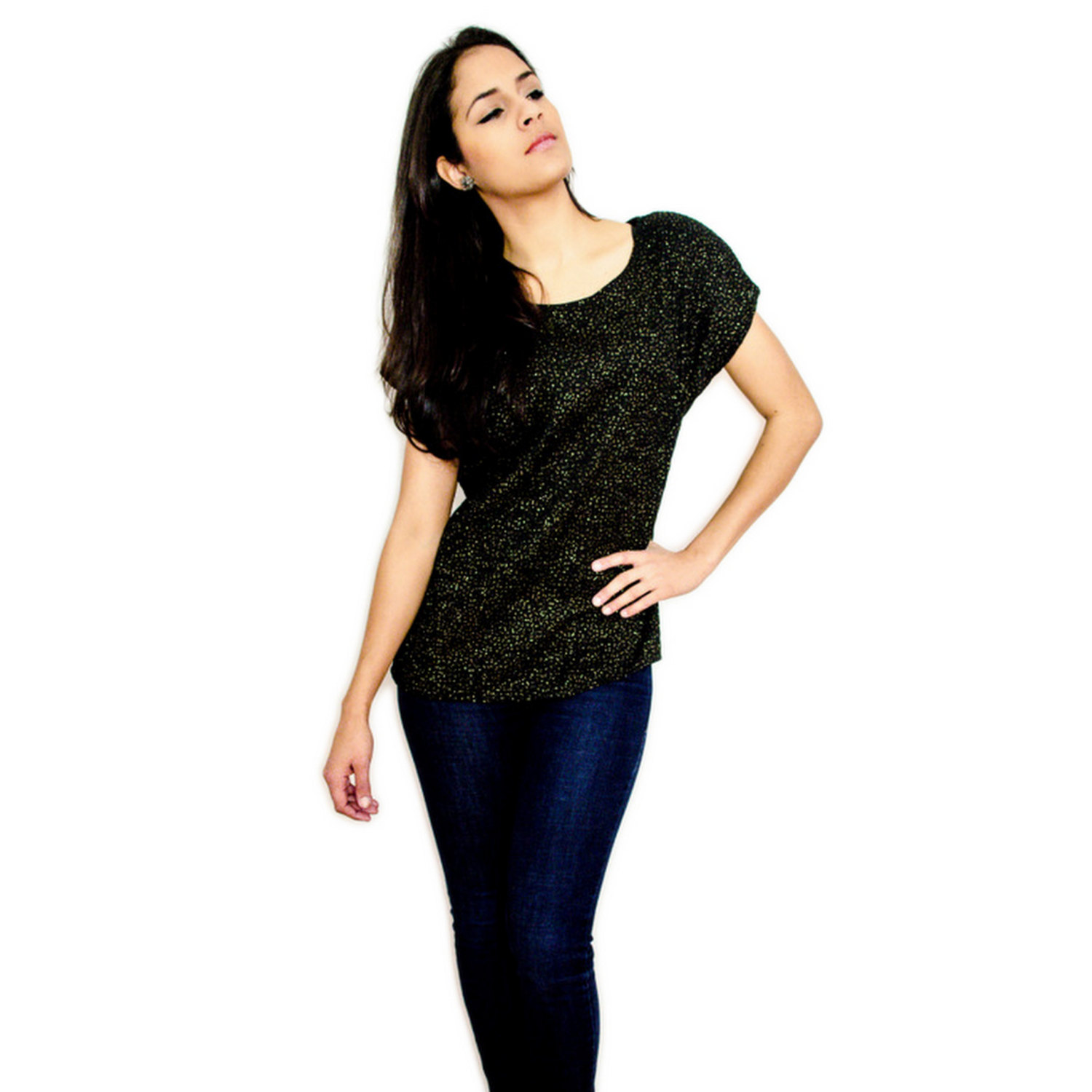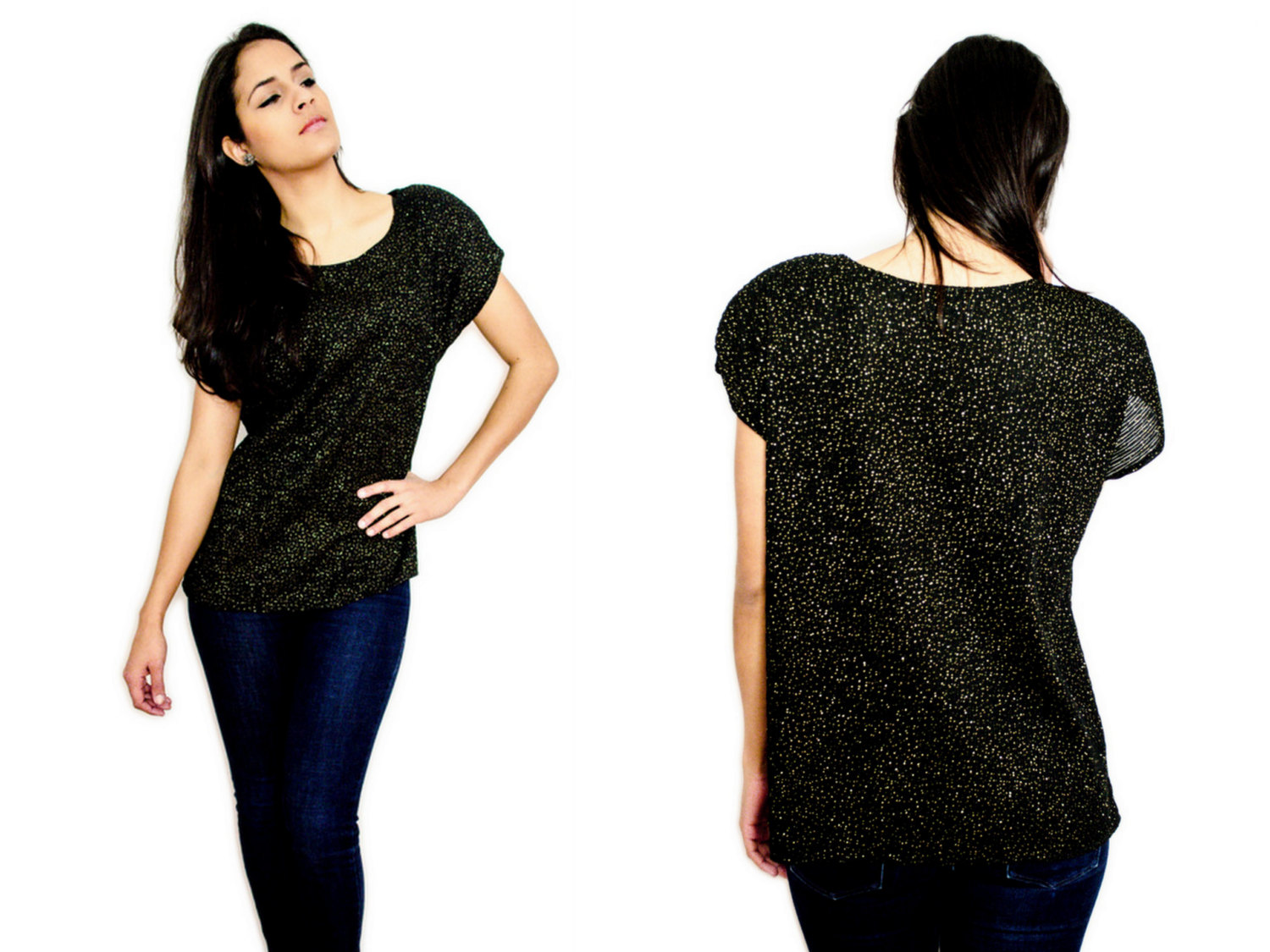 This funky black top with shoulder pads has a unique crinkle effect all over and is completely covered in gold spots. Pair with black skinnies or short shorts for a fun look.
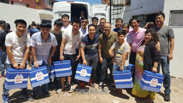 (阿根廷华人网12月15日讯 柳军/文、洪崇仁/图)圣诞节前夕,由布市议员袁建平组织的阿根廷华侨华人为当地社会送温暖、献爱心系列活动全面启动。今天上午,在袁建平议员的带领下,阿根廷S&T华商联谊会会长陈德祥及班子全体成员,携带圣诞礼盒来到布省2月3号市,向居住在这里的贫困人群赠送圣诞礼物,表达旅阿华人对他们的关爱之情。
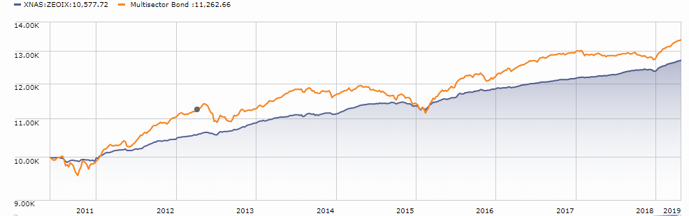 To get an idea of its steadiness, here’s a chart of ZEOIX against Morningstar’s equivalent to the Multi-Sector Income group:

--

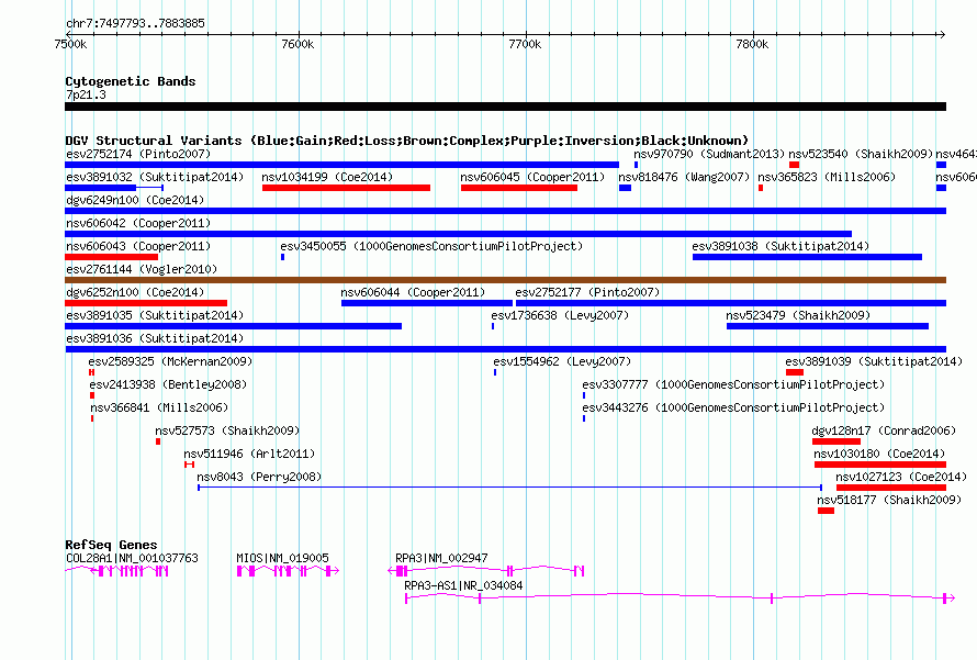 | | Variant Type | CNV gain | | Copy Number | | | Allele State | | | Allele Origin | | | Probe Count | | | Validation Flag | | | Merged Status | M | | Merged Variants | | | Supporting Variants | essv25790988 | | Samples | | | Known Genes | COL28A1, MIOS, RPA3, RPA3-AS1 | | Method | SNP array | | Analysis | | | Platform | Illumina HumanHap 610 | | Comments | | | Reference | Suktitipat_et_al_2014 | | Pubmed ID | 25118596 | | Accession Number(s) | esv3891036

# ASSIGNMENT
Leave the pictures out. Output, exactly, the lines of the material above starting at the line containing "This funky black" and ending at the line containing "To get an idea".

# ANSWER SECTION
 This funky black top with shoulder pads has a unique crinkle effect all over and is completely covered in gold spots. Pair with black skinnies or short shorts for a fun look.
 (阿根廷华人网12月15日讯 柳军/文、洪崇仁/图)圣诞节前夕,由布市议员袁建平组织的阿根廷华侨华人为当地社会送温暖、献爱心系列活动全面启动。今天上午,在袁建平议员的带领下,阿根廷S&T华商联谊会会长陈德祥及班子全体成员,携带圣诞礼盒来到布省2月3号市,向居住在这里的贫困人群赠送圣诞礼物,表达旅阿华人对他们的关爱之情。
 To get an idea of its steadiness, here’s a chart of ZEOIX against Morningstar’s equivalent to the Multi-Sector Income group:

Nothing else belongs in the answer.